As one of the most commonly used equivalent circuit models, the PNGV model has a clear physical meaning and guarantees high accuracy. The output voltage \(U_{batt }\) and power \(P_{batt }\) of the battery are expressed as follows:

$$ \left\{ {\begin{array}{*{20}l} {U_{batt } = V_{oc} - I_{batt } R_{int } - I_{pol } R_{pol } - \frac{1}{{C_{b} }}\int {I_{batt } } dt} \hfill \\ {P_{batt } = U_{batt } I_{batt } } \hfill \\ {\frac{{dI_{pol } }}{dt} = \frac{{\left( {I_{batt } - I_{pol} } \right)}}{\tau }} \hfill \\ \end{array} } \right. $$
(6)

where \(V_{oc}\) is the battery open circuit voltage (OCV), \(I_{batt }\) is the battery current, \(R_{int }\) is the battery internal resistance, \(I_{pol }\) is the polarization current, \(R_{pol }\) is the polarization resistance, \(C_{b}\) is a capacitance that accounts for the variation in the OCV with the time integral of the battery current \(I_{batt }\), which is set to 386F, \(\tau\) is the polarization time constant, namely \(\tau = C_{pol} R_{pol }\), and \(C_{pol}\) is the polarization capacitance with a value of 480F. When the battery power is known, the battery current can be calculated from the Eq. (4). The battery state of charge (SOC) is an important factor, which is defined as the ratio of the remaining capacity to the total capacity \(Q_{cap}\), as follow:

$$ S\dot{O}C = - I_{batt} /Q_{cap} $$
(7)

Ignoring the influence of the temperature on the battery, the internal resistance, the polarization resistance, and the OCV of the battery are influenced by the battery SOC as illustrated in Fig. 4.

Fig. 4
figure 4

Influences of the battery SOC on different battery parameters: a on the internal resistance and the polarization resistance; b on the OCV

2.4 Motor model

The electric motor is the only driver that converts the electrical energy of the FCS and battery into the mechanical energy to drive the FCHV. In the meantime, it can also act as a generator during regenerative braking to recover the braking energy and charge it into the battery. The maximum torque curves and the efficiency map of the motor used in this research are illustrated in Fig. 5.

Fig. 5
figure 5

Motor efficiency map and maximum torque curves

3 An EMS Design for the HESS

The RL algorithm is a learning frame structure that includes the agent, environment, state, action, and reward signal. To derive the optimal control action at a specific state by maximizing the reward function, the decision-maker called the agent continually interacts with the plant constrained by the external environment until the control strategy converges.

3.1 Problem Formulation

In this research, as the environment, the FCHV is modeled as a discrete-time dynamic system, which can be generally expressed by the following state equation:

$$ x(t + 1) = f(x(t),u(t))\quad t = {0,1,2,} \ldots {\text{,N}} $$
(8)

where \(x(t)\) and \(u(t)\) represent the state variable and the control variable, respectively, at time \(t\), which are selected as follows based on the analysis in Sect. 2, i.e. the power required for the vehicle and the battery SOC are the two state variables, and the battery power is the control variable.
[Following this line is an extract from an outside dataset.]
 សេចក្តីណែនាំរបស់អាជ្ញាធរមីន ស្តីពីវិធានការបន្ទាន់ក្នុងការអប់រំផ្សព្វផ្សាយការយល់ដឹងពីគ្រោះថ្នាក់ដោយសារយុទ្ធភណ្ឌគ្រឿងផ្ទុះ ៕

$$ \left\{ {\begin{array}{*{20}l} {x(t) = \left( {P_{req } (t),SOC(t)} \right)^{T} } \hfill \\ {u(t) = \left( {P_{batt } (t)} \right)^{T} } \hfill \\ \end{array} } \right. $$
(9)

In the RL algorithm, x and u above are usually named as the state and the action respectively. To ensure the FCS and battery working in safe and stable areas, the system should meet the following restrictions:

$$ \left\{ {\begin{array}{*{20}l} {SOC_{\min } \le SOC \le SOC_{\max } } \hfill \\ {P_{motor\_change\_max} \le P_{motor \, } \le P_{motor\_max} } \hfill \\ {P_{batt\_min} \le P_{batt } \le P_{batt\_max} } \hfill \\ {P_{fcs\_min} \le P_{fcs} \le P_{fcs\_max} } \hfill \\ \end{array} } \right. $$
(10)

where parameters with min and max subscripts mean their corresponding minimum and maximum values, respectively. The SOC of the battery is maintained in [0.5, 0.75], in which the resistance is smaller; \(P_{motor\_max}\) and \(P_{batt\_max}\) are presented in Table 1, and \(P_{motor\_change\_max}\), \(P_{batt\_min}\) are the opposite values of them, respectively; \(P_{fcs\_min}\) represents the minimum operating power of the FCS, which is set to 4 kW in this research, and \(P_{fcs\_max}\) is also presented in Table 1.
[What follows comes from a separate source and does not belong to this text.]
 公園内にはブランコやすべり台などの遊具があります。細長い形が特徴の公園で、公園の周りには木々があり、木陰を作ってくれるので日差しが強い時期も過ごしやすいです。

If the state is updated by the “trial and error” randomization, there will be too many choices because of the discretization of the system, which will greatly prolong the simulation time. Therefore, the state TPM is introduced to simplify the state space in this research, i.e. the driving condition of the FCHV is considered as a Markov process, in which the next state is only related to the current state. The power required for the vehicle \(P_{req}\) can be calculated by Eq. (1), and then the TPM of it under various DCs can be obtained by the nearest neighbor method as follows:

$$ p_{{s,s^{\prime}}} = \frac{{n_{{s,s^{\prime}}} }}{{n_{s} }} $$
(11)

where \(p_{{s,s^{\prime}}}\) represents the transition probability from the state \(s\) to \(s^{\prime}\), \(n_{{s,s^{\prime}}}\) represents the occurrence number of the transition from the state \(s\) to \(s^{\prime}\) in the whole DC, and \(n_{s}\) represents the total occurrence number of the state \(s\) in the whole DC. The UDDS, WLTC, and NEDC are selected as training DCs and the Japan1015 cycle is used as the validation DC in this research. These DCs cover the urban, suburban, and high-speed conditions and show big differences in the average speed, maximum speed, acceleration, and other characteristics, which will make the training strategy have the better adaptability. The corresponding velocity curves are shown in Fig. 6. Figure 7 shows the TPM of \(P_{req}\) on each DC, in which \(P_{next}\) represents the required power of the vehicle for the next moment. It can be observed that the values are generally limited to [0.2, 1], and most of them are concentrated on the diagonal because the required power of the vehicle rarely changes suddenly, which is in accordance with the actual situation.

Fig. 6
figure 6

Velocity curves of different DCs

Fig. 7
figure 7

TPM of each DC: a UDDS; b WLTC; c NEDC; d Japan1015

The optimal strategy can be learned by maximizing the reward signal in the RL-based EMS. Thus, the form of the reward signal is significant for the RL-based EMS. In this research, the reward signal is designed by considering the control objectives and based on the reward signal forms sourced from previous research [41, 42]. To improve the fuel economy, maintain the battery SOC, and reduce the power fluctuation of the FCS, the reward signal is set as a function related to the hydrogen consumption rate \(\dot{m}\), the battery SOC, and the FCS power difference between adjacent moments \(\Delta P_{fcs}\), as shown in (12), the specific form of which is determined based on multiple rounds of simulations and careful adjustments.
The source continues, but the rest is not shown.